O que significa, aliás, que um pouco de ansiedade com relação à higiene corporal deve ser bom, já que distúrbios do comportamento são variações indesejáveis de comportamentos que, em sua forma original, têm razão de ser.
Cutucar espinhas, puxar pêlos que crescem em lugares errados, aparar com os dentes cutículas e unhas grandes são tentações irresistíveis, com uma função em comum: aplacar a ansiedade causada por irregularidades na superfície do corpo.
Acabar com essa ansiedade é uma grande motivação para nos mantermos limpos.

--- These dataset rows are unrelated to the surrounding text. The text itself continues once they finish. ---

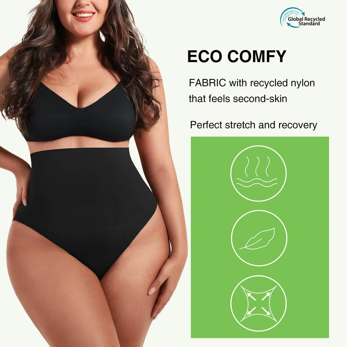1. Tejido ecológico y cómodo con nailon reciclado que se siente como una segunda piel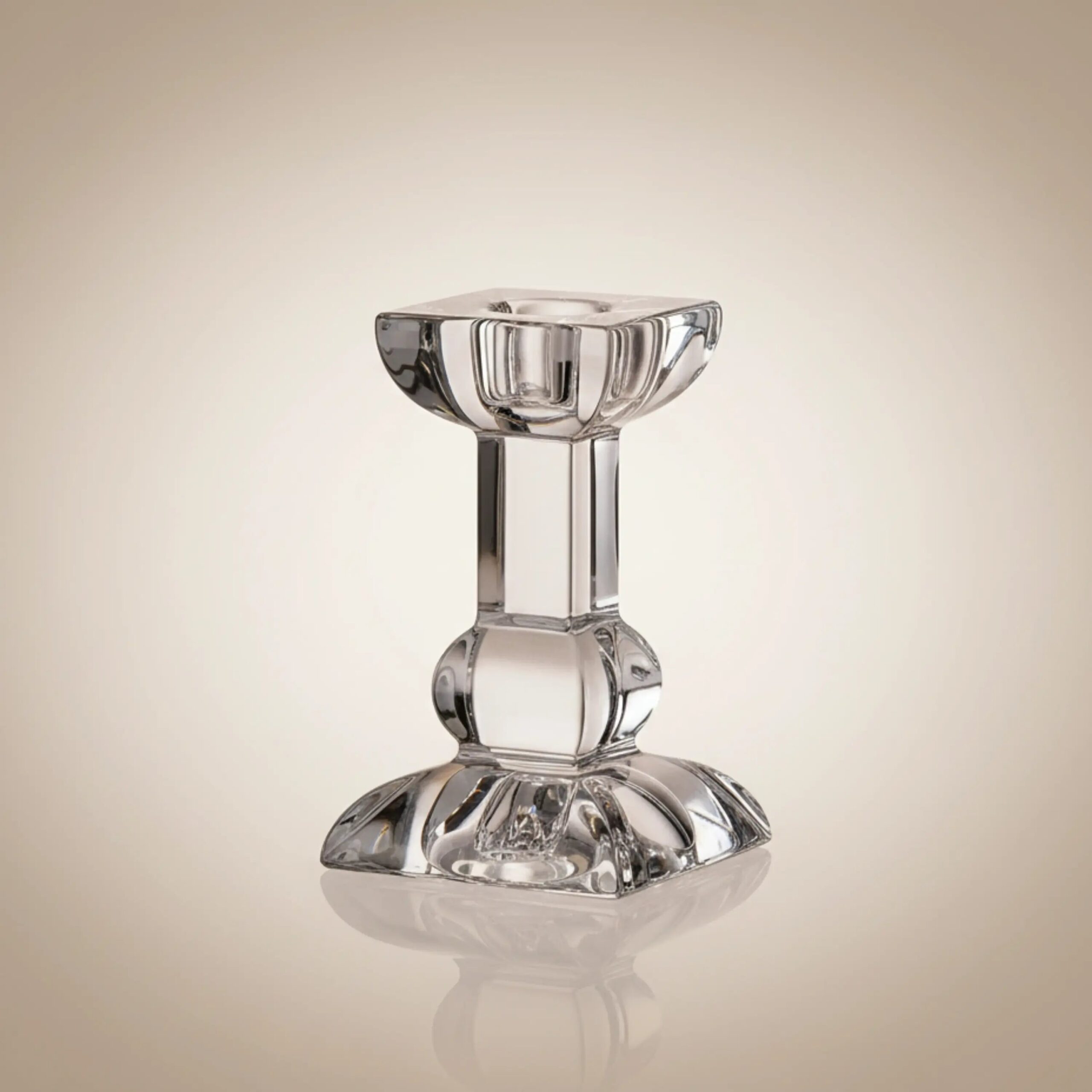 Sa forme rectangulaire aux angles doux, avec une base large et stable, un pied droit et un col légèrement évasé, est pensée pour accueillir parfaitement les bougies chandelier stick (standard 2,2 cm de diamètre). La lumière de la flamme se reflète dans chaque facette, créant des jeux d’éclats qui animent la pièce.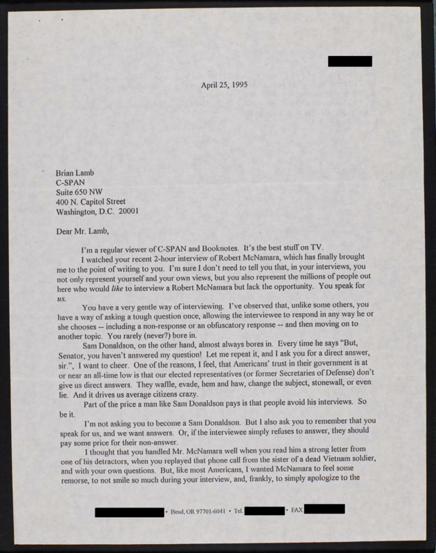 Shares opinions about how Brian Lamb should conduct interviews in relation to an interview with Robert McNamara.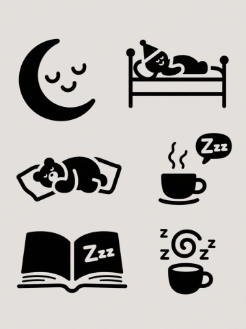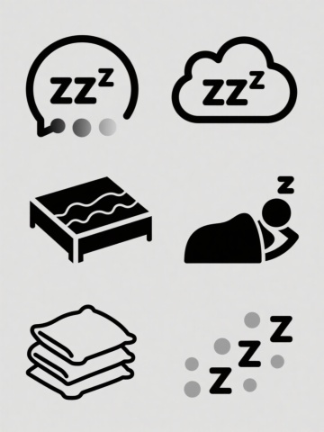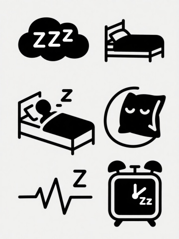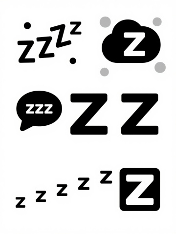 极简风格睡眠主题系列图标集合,纯白纯色背景,六个完全不同的睡眠元素规整排布,每个元素均采用原图的纯黑与白色块对比、简洁几何线条、无渐变无阴影的平面设计风格:1. 左侧上方:经典"ZZZ"睡眠符号以不规则大小和角度排列,点缀几个黑色圆点;2. 中间上方:黑色云朵形状气泡内包含"zzz"文字;3. 右侧上方:单个大号"Z"字母,周围有几个灰色小圆圈装饰;4. 左侧下方:两个不同大小的圆角对话框气泡,内部分别有"zzz"文字,带短小的气泡尾巴;5. 中间下方:三个水平排列的"Z"字母,大小一致;6. 右侧下方:一条由小到大渐次排列的"z"字母组成的斜线,末端是一个黑色矩形框内包含"zzz"文字。所有元素保持与原图一致的现代、简约、扁平化设计语言,视觉层级清晰,信息传达直接,适合作为睡眠相关的UI图标或装饰元素使用。

Em tempos pré-sabonete, tesoura, pinça e lixa de unha, reduzir a ansiedade causada por irregularidades corporais, principalmente as anti-higiênicas, nos fazia manter um mínimo de higiene.
Afinal, restos de comida grudados à pele viram cultura de bactérias; unhas compridas demais se quebram, expondo o manto da unha a infecções, e acumulam sujeiras e micróbios; cabelos desgrenhados abrigam insetos e parasitas variados.
A maneira natural de evitar que o corpo chegue a esse ponto é deixar o cérebro incomodado -ansioso, mesmo- com tudo o que está na superfície do corpo, mas não deveria estar lá. Pense no desconforto de ficar suado, fedido, colando e coçando a alguns quilômetros do chuveiro mais perto e um banho com água e sabão parecerá o maior ansiolítico do mundo.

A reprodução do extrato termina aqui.